CUDA crash when using multiple robots with different DoF and use_cuda_graph=True

Isaac Sim Version

4.0.0
4.1.0
4.2.0
4.5.0
2023.1.1
2023.1.0-hotfix.1
Other (please specify):

Operating System

Ubuntu 22.04
Ubuntu 20.04
Windows 11
Windows 10
Other (please specify):

GPU Information

  • Model: NVIDIA RTX 4090
  • Driver Version: 570.133.20

Topic Description

Detailed Description

Using cuRobo inside an Omniverse Isaac Sim setup via a custom Kit extension. Each robot has its own behavior script with a dedicated MotionGen instance initialized using use_cuda_graph=True. The simulation includes robots with different degrees of freedom (e.g., 6-DoF and 4-DoF).

Everything runs fine during the first simulation execution. However, on replay (i.e., resetting the timeline and starting again), I consistently hit a crash with cudaErrorIllegalInstruction during motion planning.

The issue only occurs when multiple robots with different DoF are present and use_cuda_graph=True. Disabling use_cuda_graph avoids the crash.

According to cuRobo docs, this may be expected behavior:

Once a CUDA graph is generated, we cannot change the dimensions of any of the tensors (e.g., DoF, timesteps, number of seeds). While cuRobo attempts to regenerate the CUDA graph on dimension change, PyTorch crashes when CUDAGraph.reset() is called.

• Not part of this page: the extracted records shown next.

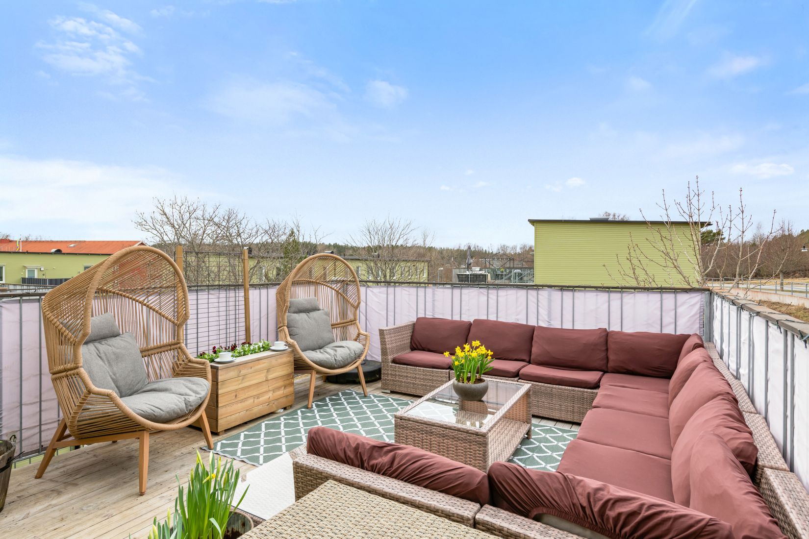 En trappa upp välkomnas du av den generösa terrassen och bostadens egna entré – ett av områdets absolut bästa lägen. Under sommarhalvåret blir terrassen en självklar förlängning av lägenheten, där du kan njuta av solen hela dagen och till sen kväll. Den fria utsikten och det ostörda läget skapar en svårslagen känsla av rymd och trivsel.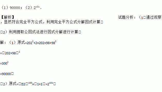 (2)(﹣2)100+(﹣2)100.
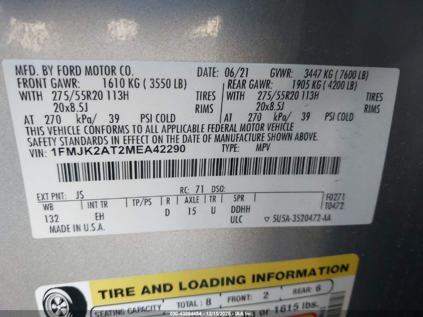 2021 FORD EXPEDITION - 1FMJK2AT2MEA42290, цвет - Серебряный, 3.5, Бензин, Полный привод из США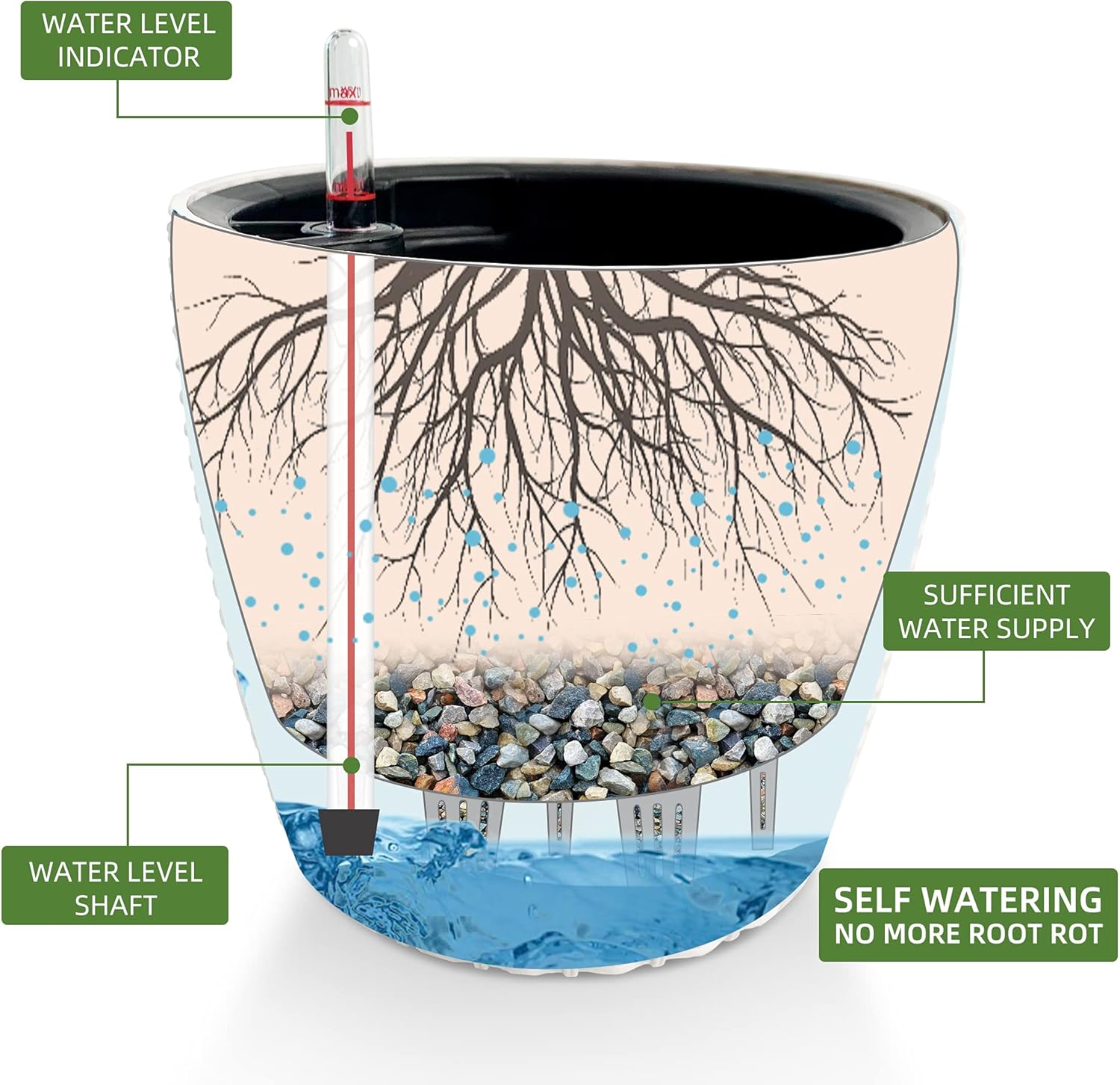 • SELF WATERING & NO MORE ROOT ROT - The smart unique sub-irrigation system is one of the most appealing aspects among all Dexceder planters. The easy-to-use separated integrated water reservoir or catcher- keeps your soil well aerated and automatic supplies plants with the right amount of ongoing moist air & nutrition for optimal growth. The insert indicator shows you the exact time to water again. The full water supply period can single-handedly last over 3 weeks based on different live plants
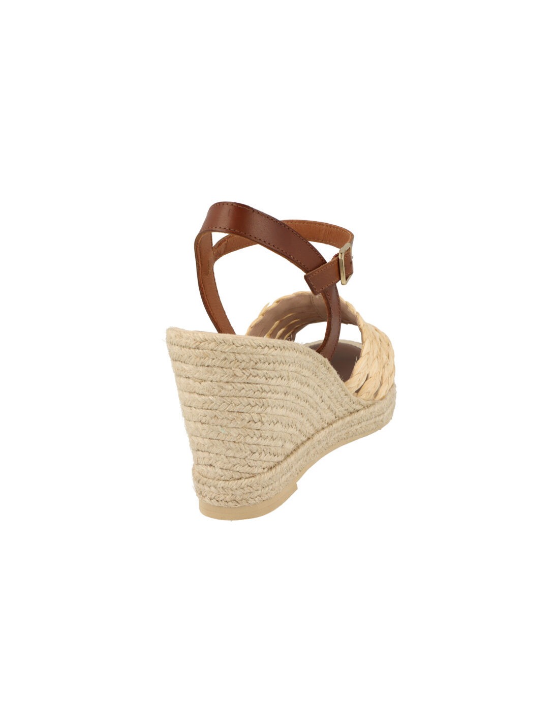 Parte superior rafia y piel– Suela de goma– Forro textil 100% piel– Altura plataforma en punta: 2,0 cm– Altura plataforma detrás: 8,00 cm

Looking for a workaround or a supported way to safely use CUDA graphs in replayable simulations involving robots with different DoF.


Steps to Reproduce

  1. Create a Kit extension using cuRobo with use_cuda_graph=True.
  2. Add multiple robots with different DoF (e.g., one 6-DoF and one 4-DoF).
  3. Initialize a separate MotionGen per robot in their respective behavior scripts.
  4. Run the simulation — the first run works fine.
  5. Reset the simulation timeline and run again — crash occurs.

Error Messages

Python traceback (excerpt):

python-repl

CopyEdit

RuntimeError: CUDA error: an illegal instruction was encountered  
CUDA kernel errors might be asynchronously reported...  
[omni.kit.scripting.scripts.utils] Python Scripting Error:  
...  
[carb.cudainterop.plugin] CUDA error 715: cudaErrorIllegalInstruction  
...  
[omni.physx.plugin] PhysX ABORT error: PhysX cannot start GPU simulation because of previous CUDA errors! Error code 715!  
...  
[omni.kit.notification_manager.manager] PhysX has reported too many errors, simulation has been stopped.  

Screenshots or Videos

(Not applicable)


Additional Information

What I’ve Tried

  • Disabled use_cuda_graph → simulation works fine even after replay.
  • Verified crash only happens when robots with different DoF are present.
  • Reviewed cuRobo documentation regarding limitations of CUDA graphs.

Related Issues

  • cuRobo documentation (known issue) notes the limitation of reusing CUDA graphs with different tensor shapes.

Additional Context

  • cuRobo version: nvidia_curobo-0.7.6
  • Torch version: 2.1.0+cu118
  • NumPy: 1.26.0
  • Isaac Sim: 4.0.0
  • cuRobo installation mode: Python

Looking for any stable workaround or best practice when using use_cuda_graph=True with mixed-DoF robots that need to rerun simulations.

Curobo is compatible with Isaac Sim 4.5.0. Please upgrade to the latest release.

This topic was automatically closed 14 days after the last reply. New replies are no longer allowed.